Norway and Finland face record outbreaks of bird flu this year which have killed thousands of seagulls and other species, put livestock at risk and restricted travel in some areas, officials said.
Avian influenza, commonly called bird flu, has circulated throughout Europe in recent years, leading to a cull in May and June of millions of birds on French farms alone and affecting the supply of poultry meat and eggs.
Officials in the Arctic town of Vadso, part of Norway’s Finnmark county, said they had collected more than 10,000 dead birds in the area and the Norwegian Food Safety Authority on Thursday imposed a travel ban covering three nature reserves.
“The outbreaks we are seeing in various places in Finnmark this year are much larger than we have seen in the past in Norway,” said Ole-Herman Tronerud, the chief veterinary officer at the Norwegian Food Safety authority.
The H5N1 virus strain has spread among poultry and wild birds for years but there have been sporadic outbreaks reported globally in mammals such as cats, mink and otters.

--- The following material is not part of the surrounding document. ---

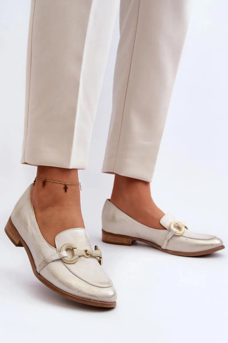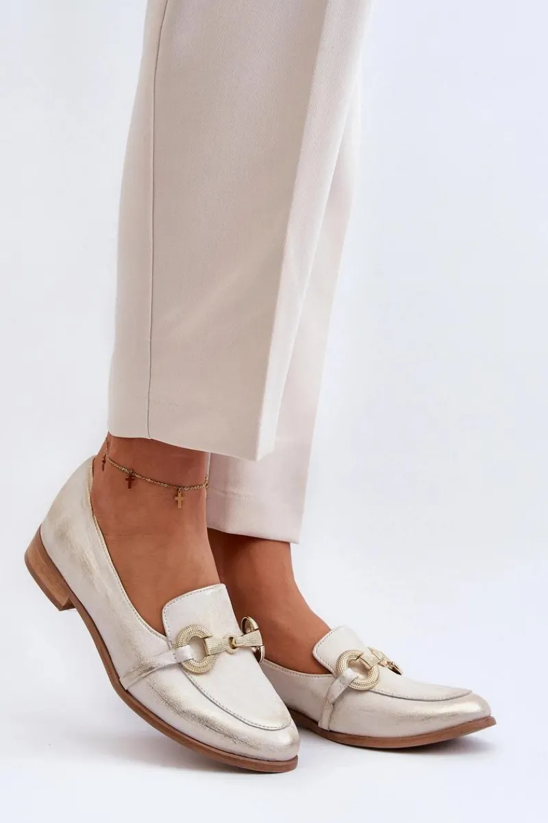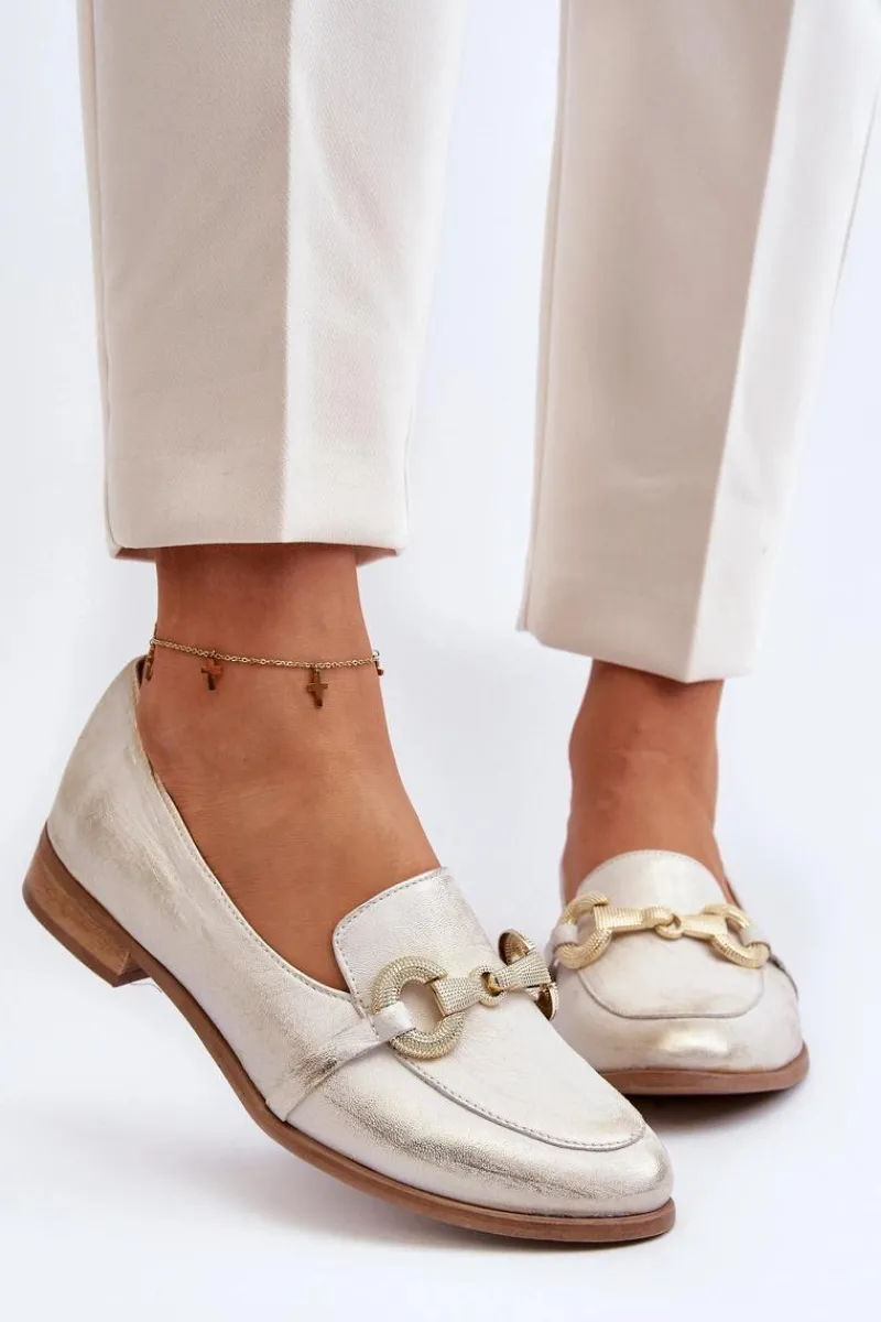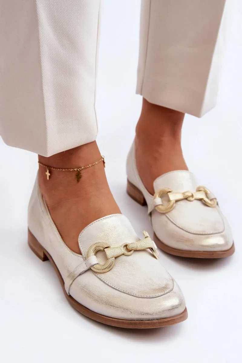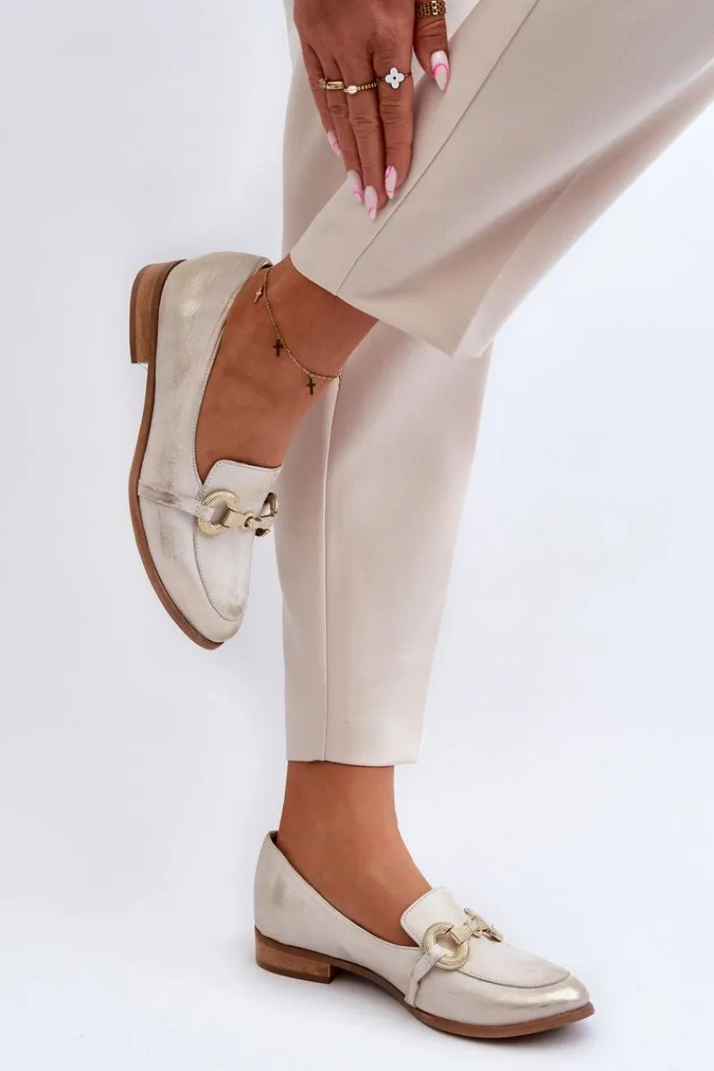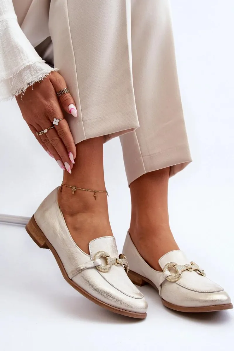 Eleganckie mokasyny damskie wykonane ze skóry naturalnej. Ten fason idealnie sprawdzi się w sezonie wiosenno-jesiennym. Noski zaokrąglone. Z przodu złota ozdoba. Usztywniony zapiętek. Wkładka ze skóry naturalnej zapewni komfort podczas noszenia. Ten model idealnie sprawdzi się zarówno w casualowych, jak i bardziej eleganckich outfitach! Przy wyborze rozmiaru prosimy sugerować się tabelą rozmiarów.

Neighbouring Finland also said wild birds were heavily affected and that the H5N1 strain has now been found in 20 fur farms, up from 12 earlier this week.
“The pathogen was confirmed as a variant circulating especially among the seagulls,” Finland’s ministry of social affairs and health said in a statement on Wednesday.
Three U.N. agencies this month warned that outbreaks globally raised concerns that the virus might adapt to infect humans more easily, and urged countries to strengthen disease surveillance and improve hygiene at poultry farms.
The World Health Organization has said that the risk to humans from H5N1 remains low, but said reports of infections in mammals needed to be monitored closely.